Ася вскочила и стала ходить по комнате. Терпенья у нее было очень мало, а Нина, как нарочно, не шла. Дела в музыкальной школе складывались не благоприятно: плата за март месяц не была внесена, и она уже видела себя в списке лиц, с которыми преподавателям предлагалось прекратить занятия до погашения ими задолженности. Если в течение ближайших дней плата не будет внесена, ее могут исключить. Было еще одно осложнение, тревожившее ее нисколько не меньше: до дня рождения оставалось всего несколько дней, пока она в опале, переговоры по поводу вечеринки и платья заброшены, а потом уже будет слишком мало времени! Пометавшись тревожно по комнате, она решила, что события для своего ускорения нуждаются в могучем толчке, и на цыпочках выскользнула в коридор к телефону.
– Можно Нину Александровну?
– Нины Александровны нет дома. Что прикажете передать? – услышала она мужской голос. Сердце ее забилось с удвоенной частотой.
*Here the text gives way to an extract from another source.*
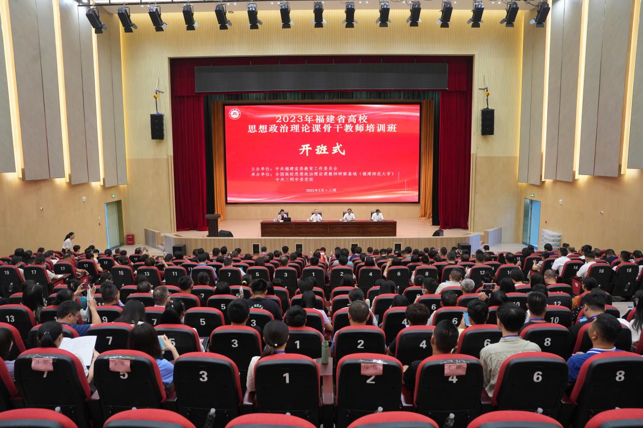 7月6日至7月9日,由中共福建省委教育工作委员会主办、全国高校思想政治理论课教师研修基地(福建师范大学)承办的2023年福建省高校思想政治理论课骨干教师培训班在中共三明市委党校成功举办。中共福建省委教育工委副书记、省教育厅党组成员林生,中共三明市委党校、三明市行政学院、三明市社会主义学院副校(院)长田生海,福建师范大学马克思主义学院院长傅慧芳出席开班式,开班式由福建省教育厅思想政治工作处处长郑邦华主持。

– Тогда попросите, пожалуйста, Олега Андреевича, – отважилась выговорить она, точно в воду бросилась. – Ах, это как раз вы! Говорит Ася, то есть я хотела сказать – Ксения Всеволодовна. Олег Андреевич, выручайте меня! – и она описала ему, как ей попало за встречу с ним. – Теперь я сижу наказанная и вот штопаю белье, а это невыносимо скучно! Гораздо интересней разучивать фуги. Вы любите фуги? Мне задали новую, так хочется ее проиграть, а вместо этого надо вырезать ножницами круглые дыры. Олег Андреевич, пожалуйста, расскажите Нине Александровне, что случилось со мной, и пусть она идет скорее на выручку, только пусть не говорит, что я ее вызывала. А теперь надо кончить: я боюсь разбудить бабушку. Вы передадите? Ну, спасибо! – и с пылающими щеками повесила трубку.
«А все-таки я поговорила с ним! Посмотрим, что будет теперь!»
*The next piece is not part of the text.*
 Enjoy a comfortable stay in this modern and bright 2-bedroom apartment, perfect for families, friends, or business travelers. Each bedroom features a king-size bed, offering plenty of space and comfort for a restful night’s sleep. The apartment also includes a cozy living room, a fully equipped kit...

Нина прибежала в этот же вечер, информированная Олегом о случившемся. Усевшись в качестве бесспорной любимицы на край кровати Натальи Павловны, она тотчас спросила: «А где наша малютка?» – и как только Наталья Павловна начала рассказывать историю с Асей, сказала:
– Сейчас я удивлю вас, Наталья Павловна, это действительно мой beau-frere, князь Олег Дашков, и познакомила его с Асей я. В силу некоторых чрезвычайных обстоятельств у меня уже вошло в привычку никогда ни с кем не говорить о нем. Для вас я изменю этой привычке, – и она рассказала свекрови трагическую судьбу Олега.
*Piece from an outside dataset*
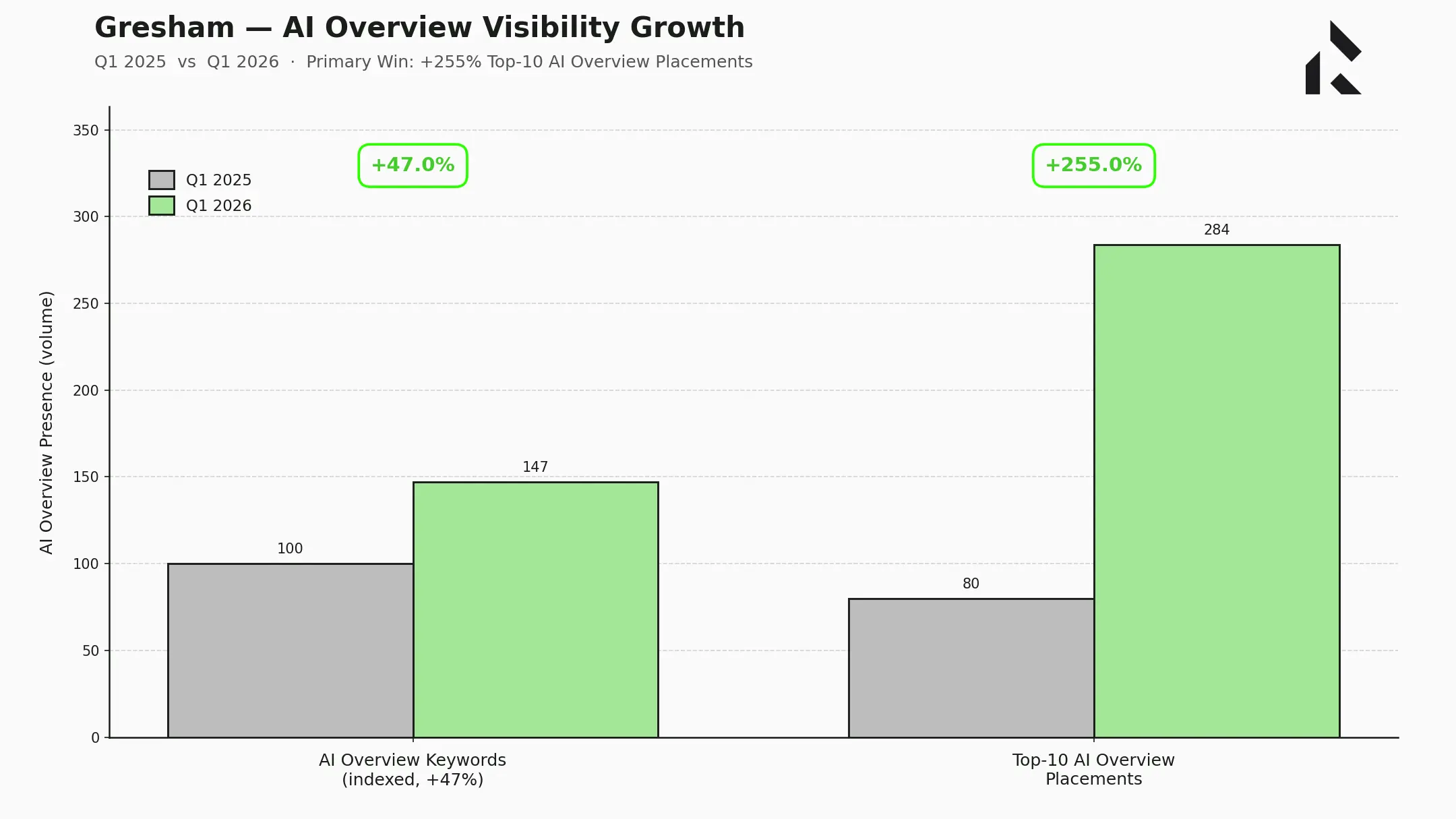 GreshamTech: How We Grew AI Overview Visibility by 255% in Top 10 Placements

Послали за Асей, которая все еще сидела за бельем. Асю ждал приятный сюрприз. Кроме объявленного ей прощения, сопровождавшегося милостивым поцелуем в лоб, ей сообщили, что сейчас она будет мерить платье. Ася не знала, что, несмотря на «опалу», переговоры о платье продолжались, и накануне вечером мадам вынимала из сундуков и раскладывала перед Натальей Павловной всевозможные сборки, нижние юбки и лифы, обсуждая, что можно сделать из этого для Аси. Мадам умела мастерски переделывать и обладала большим вкусом, как истинная француженка. За день она успела подготовить платье к примерке. Восхищенную и разрумянившуюся Асю поставили на маленькую скамеечку перед трюмо в уютной спальне Натальи Павловны, и мадам стала закалывать на ней что-то легкое, белое, отделанное кружевами валансьен, которые были еще очень хороши, хоть и спороты с нижней юбки. Нина и только что прибежавшая Леля принимали самое горячее участие в обсуждении деталей. Ася и Леля умоляли сделать платье немножко моднее, чем все, что они носили до сих пор, но решающее слово осталось за Натальей Павловной – она не разрешила увеличить вырез и потребовала прибавить еще два сантиметра к длине платья. В середине этой процедуры Нина спросила:
– Будете приглашать на день рожденья?
– Мы хотели сделать маленький вечерок для молодежи, – сказала Наталья Павловна, – но ведь у нас почти нет знакомых. Будет Леля и еще одна девушка.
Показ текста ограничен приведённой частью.